EILAT, Israel (AP) _ The Iranian flight attendant who hijacked a passenger plane to Israel with 175 people aboard said Thursday he was desperate to flee Iran’s repressive government.

``I believe the people of Iran do not deserve to be in such an oppressed situation,″ said Reza Jabari, 29. ``I wanted to make it public and announce it to the world.

``I had no intention of harming the passengers or the crew,″ Jabari said in an interview with The Associated Press at the Eilat police station.

Iran, meanwhile, stepped up its accusations that Israel had colluded with the hijacker from the start, a charge Israeli officials denied.

Jabari appeared Thursday in Eilat Magistrate’s Court, where Judge Shlomo Bar Eli ruled he could be held for up to 15 days while authorities investigated him on charges of air piracy, hijacking, weapons possession and infiltration.
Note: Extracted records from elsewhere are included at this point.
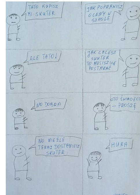
wyk. Ksawery Spadło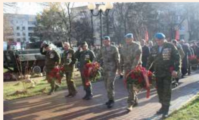
Торжественное мероприятие 15 февраля 2015 года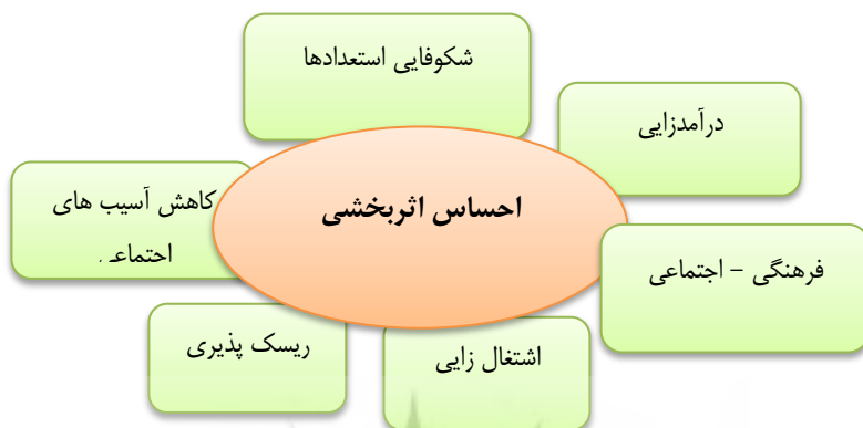
شکل (۳): ارتباط مفاهیم و مقولات پیامدهای قابلیت کارآفرینی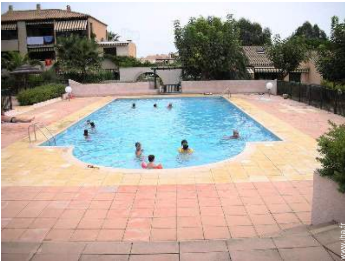
piscine dans la résidence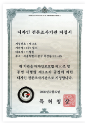
특허청 디자인 전문조사기관 지정서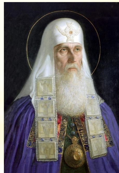
Шилов В. Патриарх Гермоген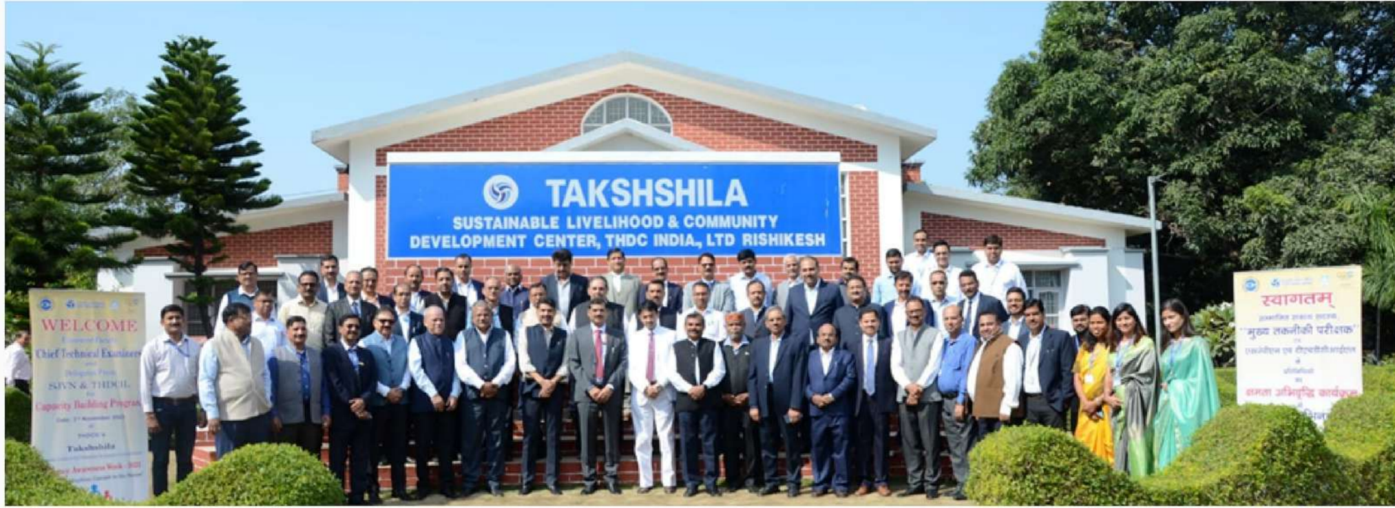
A group photograph during the programme

THDCIL organized a Capacity-building programme for senior executives of SJVN and THDCIL

The Iranian plane was hijacked Tuesday morning during a flight from Tehran to the Persian Gulf resort island of Kish. It was returned to Tehran on Wednesday with 174 passengers and crew, including some passengers who witnesses said had asked for asylum.

It was not immediately clear why the passengers had been denied asylum.
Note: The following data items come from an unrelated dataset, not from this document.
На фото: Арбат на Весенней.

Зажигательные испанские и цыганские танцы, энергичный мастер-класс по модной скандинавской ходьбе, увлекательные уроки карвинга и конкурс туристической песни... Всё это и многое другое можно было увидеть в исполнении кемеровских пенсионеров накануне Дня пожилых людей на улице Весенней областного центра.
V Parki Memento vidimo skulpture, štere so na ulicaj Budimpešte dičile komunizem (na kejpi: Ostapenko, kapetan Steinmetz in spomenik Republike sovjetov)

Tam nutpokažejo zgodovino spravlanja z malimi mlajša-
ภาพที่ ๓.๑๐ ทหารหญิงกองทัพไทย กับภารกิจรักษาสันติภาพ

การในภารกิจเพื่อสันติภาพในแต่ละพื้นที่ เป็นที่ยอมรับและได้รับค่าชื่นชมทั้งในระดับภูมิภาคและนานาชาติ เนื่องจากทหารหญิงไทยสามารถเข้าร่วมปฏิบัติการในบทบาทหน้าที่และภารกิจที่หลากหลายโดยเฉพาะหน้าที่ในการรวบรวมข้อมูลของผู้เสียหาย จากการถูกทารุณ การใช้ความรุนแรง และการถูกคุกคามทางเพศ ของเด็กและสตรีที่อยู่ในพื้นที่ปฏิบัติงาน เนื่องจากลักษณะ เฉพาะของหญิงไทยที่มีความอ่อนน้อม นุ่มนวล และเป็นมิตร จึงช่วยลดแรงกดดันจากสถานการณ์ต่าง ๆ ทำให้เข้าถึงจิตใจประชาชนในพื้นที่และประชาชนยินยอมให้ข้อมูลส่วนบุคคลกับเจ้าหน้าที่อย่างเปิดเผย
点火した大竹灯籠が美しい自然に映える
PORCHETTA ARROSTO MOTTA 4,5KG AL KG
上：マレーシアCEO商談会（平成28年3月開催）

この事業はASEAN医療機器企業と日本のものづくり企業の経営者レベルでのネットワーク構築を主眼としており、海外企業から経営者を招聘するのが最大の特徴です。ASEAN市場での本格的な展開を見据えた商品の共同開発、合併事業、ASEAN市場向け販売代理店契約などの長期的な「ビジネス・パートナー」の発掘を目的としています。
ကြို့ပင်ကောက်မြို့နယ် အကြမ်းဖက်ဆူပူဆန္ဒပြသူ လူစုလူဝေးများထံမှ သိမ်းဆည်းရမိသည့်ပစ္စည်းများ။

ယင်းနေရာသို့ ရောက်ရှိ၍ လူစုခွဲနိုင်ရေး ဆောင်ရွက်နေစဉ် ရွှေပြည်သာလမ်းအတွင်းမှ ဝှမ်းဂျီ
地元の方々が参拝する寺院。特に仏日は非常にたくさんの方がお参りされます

Iran’s Parliament speaker, Ali Akbar Nateq Nouri, was quoted on state-run Tehran radio as saying the delay in returning the plane and the refusal to extradite the hijacker demonstrated ``the Zionist regime’s terrorist nature.″

He also protested Israel’s interrogation of the passengers.

The captain of the plane, whose name was not given, suggested in a radio interview that the Israelis had advance knowledge of the hijacker’s arrival, noting the flight attendant ``immediately decided on going to Israel, which was strange to me.″

Jabari denied having any contact with Israel before the hijacking, but said he had intended from the outset to reach the Jewish state.
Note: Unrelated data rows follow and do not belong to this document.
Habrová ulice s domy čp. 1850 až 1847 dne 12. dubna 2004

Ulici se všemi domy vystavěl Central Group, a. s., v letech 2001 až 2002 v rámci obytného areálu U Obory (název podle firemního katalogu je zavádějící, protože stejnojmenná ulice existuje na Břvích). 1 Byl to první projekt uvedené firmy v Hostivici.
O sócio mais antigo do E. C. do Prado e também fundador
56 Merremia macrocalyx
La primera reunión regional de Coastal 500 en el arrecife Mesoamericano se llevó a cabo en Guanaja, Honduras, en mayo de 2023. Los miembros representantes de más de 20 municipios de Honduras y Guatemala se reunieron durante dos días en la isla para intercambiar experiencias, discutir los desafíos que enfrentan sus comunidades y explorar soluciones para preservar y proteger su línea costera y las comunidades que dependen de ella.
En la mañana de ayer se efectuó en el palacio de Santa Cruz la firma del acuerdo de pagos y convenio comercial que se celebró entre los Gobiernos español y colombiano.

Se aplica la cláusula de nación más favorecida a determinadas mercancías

Israeli government spokesman Uri Dromi called the suggestion that Israel had conspired with the hijacker ``nonsense.″

``The plane asked for permission first to land in Saudi Arabia and Jordan and was refused,″ he said. ``We got a request from the pilot who said he was out of fuel, and for humanitarian reasons we let the plane land.″

Bar Eli said Jabari fired his pistol into the air during the hijacking ``to show that he was serious.″ Jabari surrendered to Israeli police shortly after the plane landed at Ovda Air Force Base in the southern Negev desert, about 18 miles north of Eilat.

The Iranian said little in answer to reporters’ questions. When asked if he wanted to go back to Iran, he looked as if he might cry.

``He’s a good guy,″ said police investigator Eli Monsonego. ``He’s nice.″

Jabari told the AP he was worried the Iranian authorities would try and hurt the mother, three brothers and sister he left behind.

Told Thursday that he was being held so police and other authorities could conduct further investigations, Jabari asked nervously, ``Only Israeli authorities?″

``Only Israeli authorities,″ the judge reassured him.

Despite reports he has asked for political asylum, Jabari said he has not yet decided if he wants to stay in Israel.